Secondly, this example is not solvable in the sense of the algorithm Hyper (maybe except for the case $\theta=1$--please check it) however our solutions are also "closed form" in the sense that the computational expense is proportional to $n^2$.

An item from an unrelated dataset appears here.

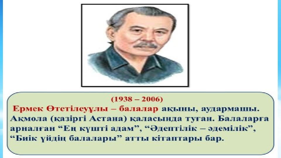 Мақтанышым – Астанам. Ермек Өтетілеуұлы Шығарманы түсініп оқимыз. Ақпаратты сызба түрінде береміз. Әңгімелеу барысында көркем бейнелі сөздерді қолданамыз.

Thirdly, let us try to solve the last recursion relation for the coefficients ${\mathcal B}^{(d-1)}_J$. Let us fix $J$. Then the sum on the rhs runs over $j=0,\cdots, J$. Assume by induction that we know all coefficients ${\mathcal B}^{(d-1)}_j$ for $j=0,\cdots,J-1$. Then clearly the recursion is just a first order recursion with a source term on the rhs. As such that recursion can be always "solved" as a convolution of the relevant coefficient with the rhs. It is just not clear whether those convolutions can be expressed in closed form. We carried out this procedure for $J=0,1$ and we got: \begin{eqnarray} {\mathcal B}_0^{(d)} &=& \prod\limits_{\eta=0}^d \binom{2 \eta+\theta}{\theta} \\ {\mathcal B}_1^{(d)} &=& \left(\frac{\binom{d+\frac{\theta }{2}+\frac{1}{2}}{d+1}}{\binom{d+\frac{1}{2}}{-\frac{1}{2}}}-(d+1) \theta -1\right) \frac{(\theta -1) }{d (\theta -2) \theta} \cdot \prod\limits_{\eta=0}^d \binom{2 \eta+\theta}{\theta} \end{eqnarray} Now, when we go to $J=2$ the situation gets messy. The formula has the same structure as in the two cases listed above but the pre-factor now depends on harmonic numbers and as such is not a hyper-geometric function . Thus we conclude that is only for $\theta=1$ that the solution has a closed form. In all other cases we need to pre-calculate the ${\mathcal B}^{(d)}_J$ coefficients and use them in calculations.